--- Data for this task Enclosed Below ---

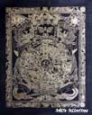 (画像サイズは48.9KB) これは2002年3月14日にネパールカトマンドゥ市内のタメルで購入したものです。これもカーラチャクラの一種だと思いますが、画面も大きく、内部も丁寧に描かれ、四方の龍も繊細で、全体に本金を使っていると思われます。
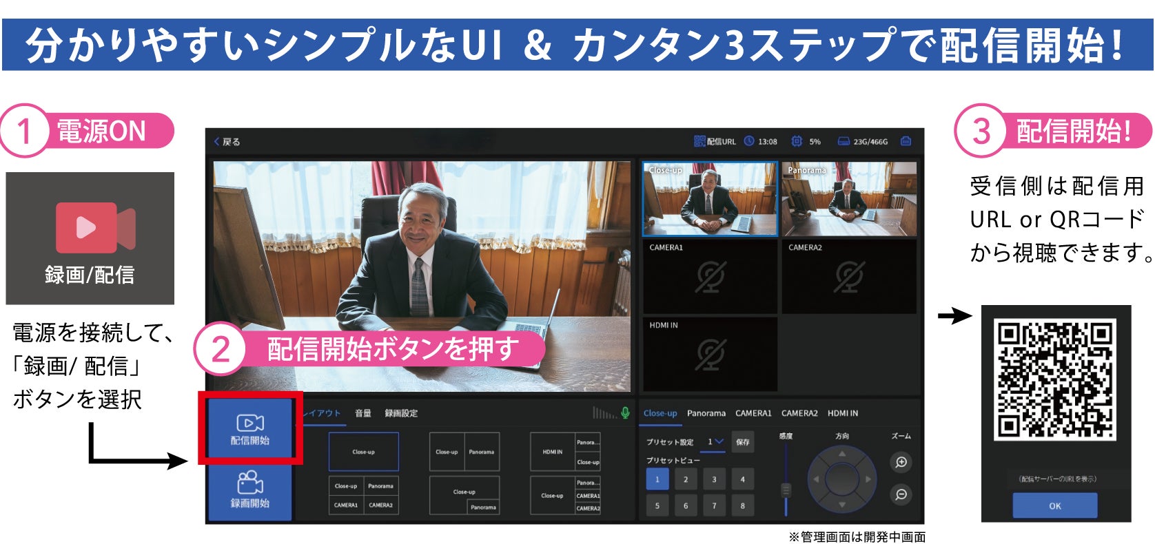 また、配信URLは固定のため、ブックマークからワンクリックで接続できます。
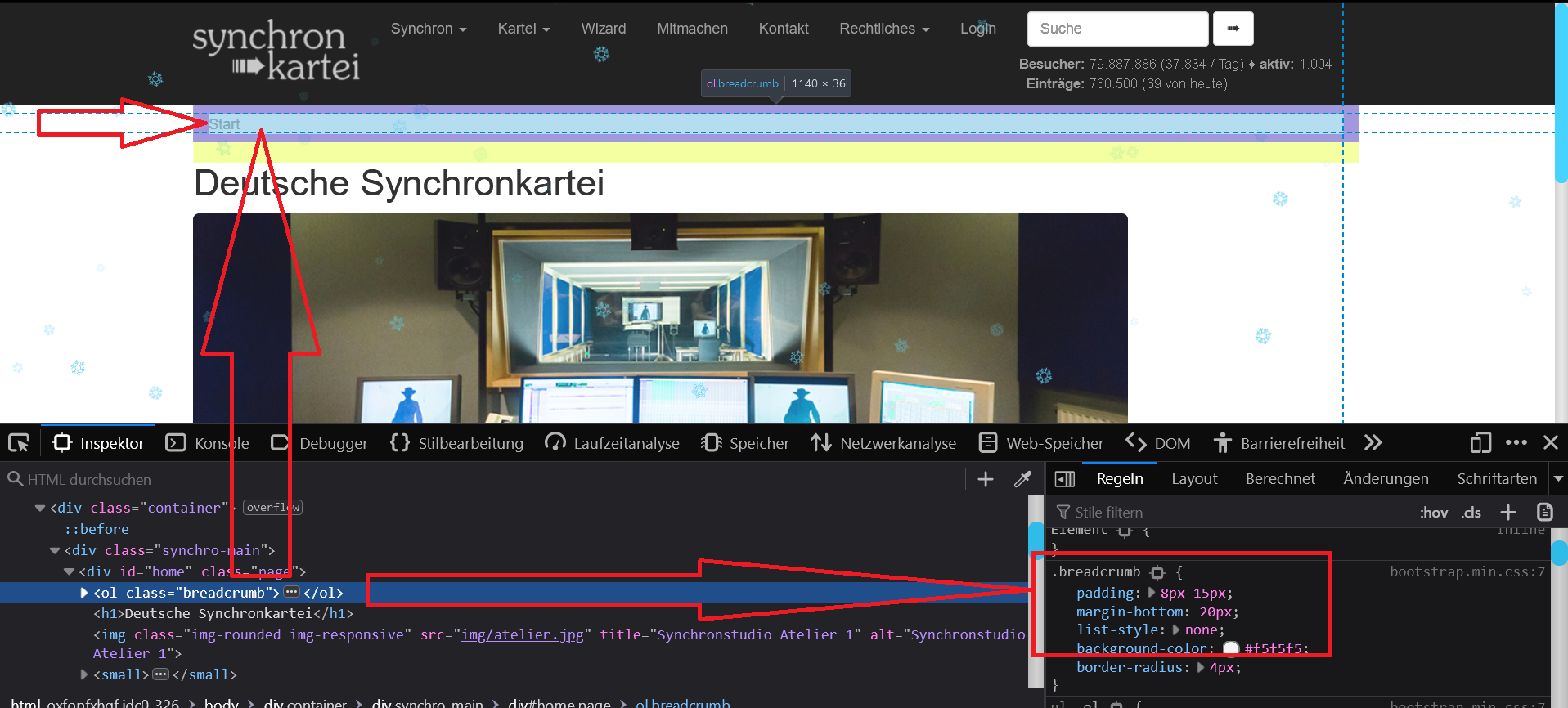 Noch ein Tipp: Klicke in den Entwicklerwerkzeugen auf das Symbol ganz links vor dem Wort Inspektor. Das wird jetzt blau untermalt. Du kannst nun mit der Maus über ein Element der Seite fahren. Das Element wird mit einer gestrichelten Linie umrahmt, und es wird dir der entsprechende CSS-Code und die dazugehörigen Abmessungen in einem Tooltip angezeigt. Du kannst das auch bei Andreas' Bildschirmfoto sehen. Dort steht:
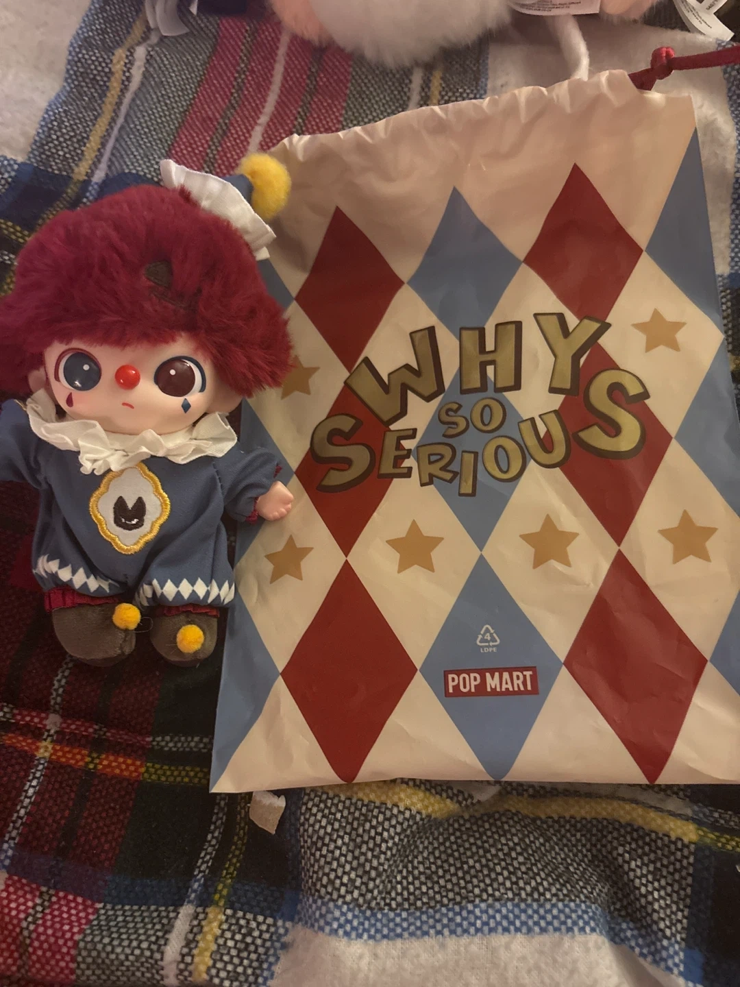 This is a "Why So Serious" clown plush toy from Pop Mart. It features a distressed expression with tear streaks and a fluffy red wig. The plush toy comes with its original drawstring bag. Dimoo. Wellington and Halsted here. Zelle or cash.
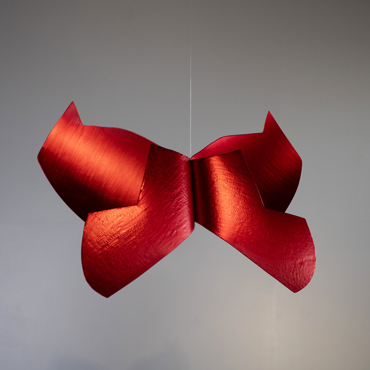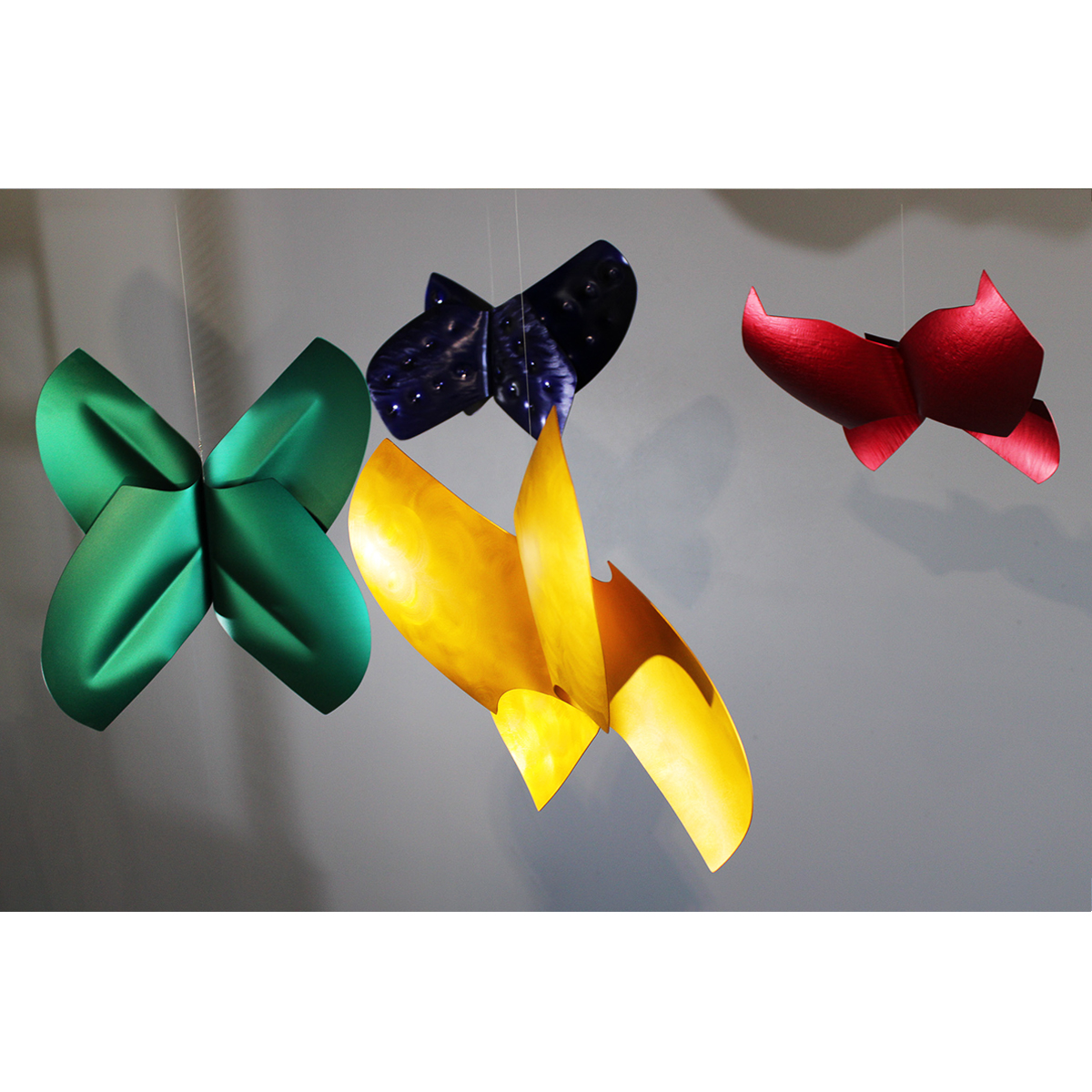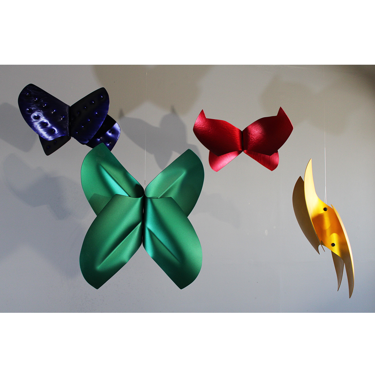 When hung, the butterflies spin, catching light on their surface. The play of light, shadow and motion provides continual intrigue, giving the mobiles the illusion of dancing on the air.
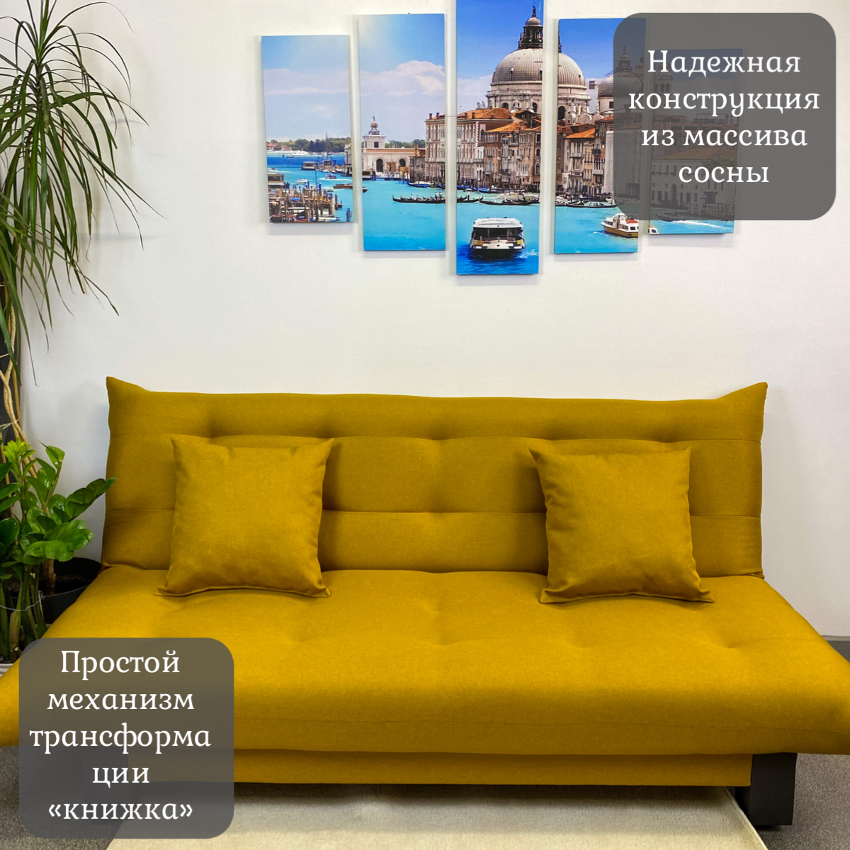 Диван EDLEN Поло Стайл, книжка, рогожка yellow, 202х90х100 см, для дома, дачи и офиса информация:
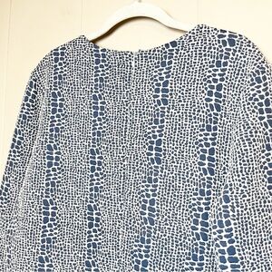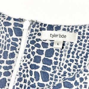 Tyler Boe Long Sleeve Peplum Sheath Dress large blue reptile V neck stretch knit
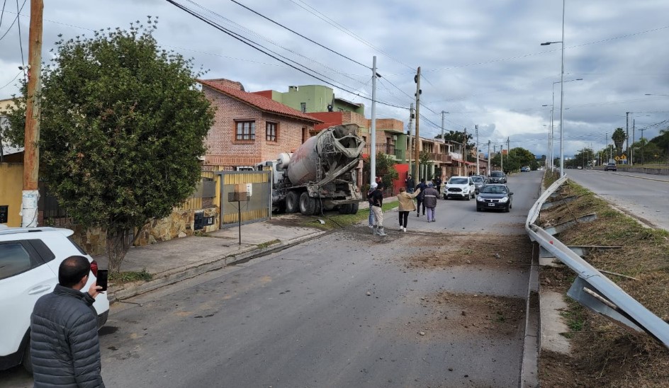 Por causas que se intentan establecer, un camión hormigonero descarriló cuando circulaba por la colectora, pisó el guardarraíl y terminó chocando contra una casa de Av. Balvín.
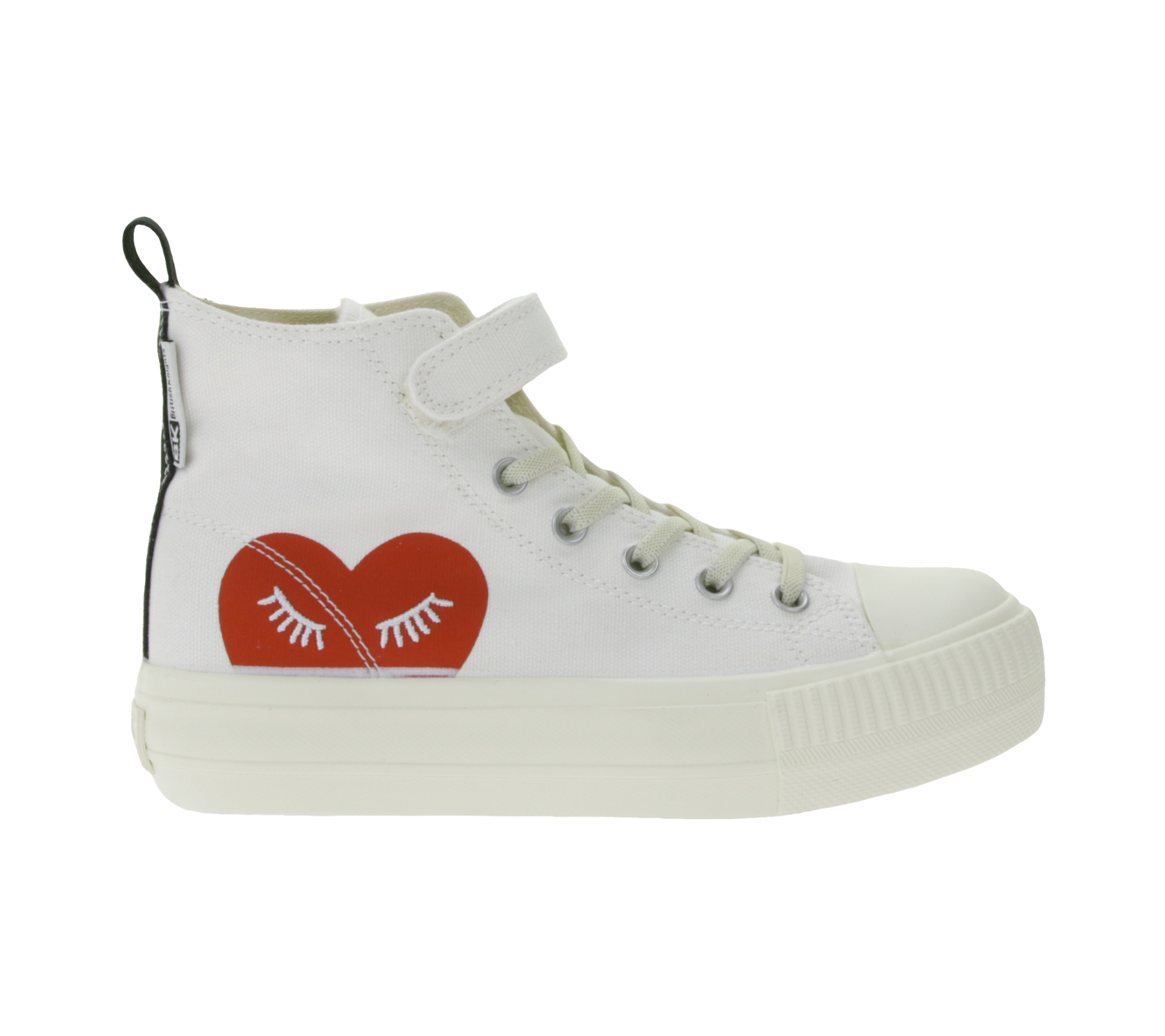 BRITISH KNIGHTS Kaya Mid Kids' Mid-Top Canvas Sneakers with Decorative Heart Print Lace-Up Shoes for Teen Girls B52-3705C-03 Cream White
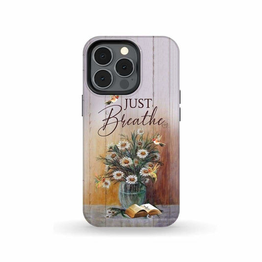 Just Breathe Hummingbird Daisy Phone Case - Christian Phone Cases - Inspirational Bible Scripture iPhone Cases
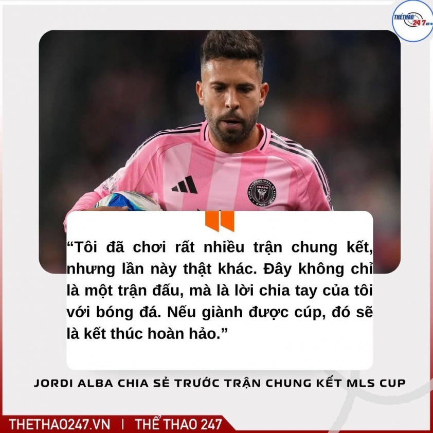 Trước thềm chung kết MLS Cup 2025, Jordi Alba xúc động chia sẻ trận đấu với Vancouver Whitecaps sẽ là lần ra sân cuối cùng trong sự nghiệp lẫy lừng của anh cùng Inter Miami.

--- End of Enclosed Data for this task ---

--- What to work on ---
Reproduce verbatim the opening line of the material and every line after it, up to and including the line with "また、配信URLは固定のため、ブックマークからワンクリックで接続できます。", but no pictures.

--- Reply to the exercise ---
 (画像サイズは48.9KB) これは2002年3月14日にネパールカトマンドゥ市内のタメルで購入したものです。これもカーラチャクラの一種だと思いますが、画面も大きく、内部も丁寧に描かれ、四方の龍も繊細で、全体に本金を使っていると思われます。
 また、配信URLは固定のため、ブックマークからワンクリックで接続できます。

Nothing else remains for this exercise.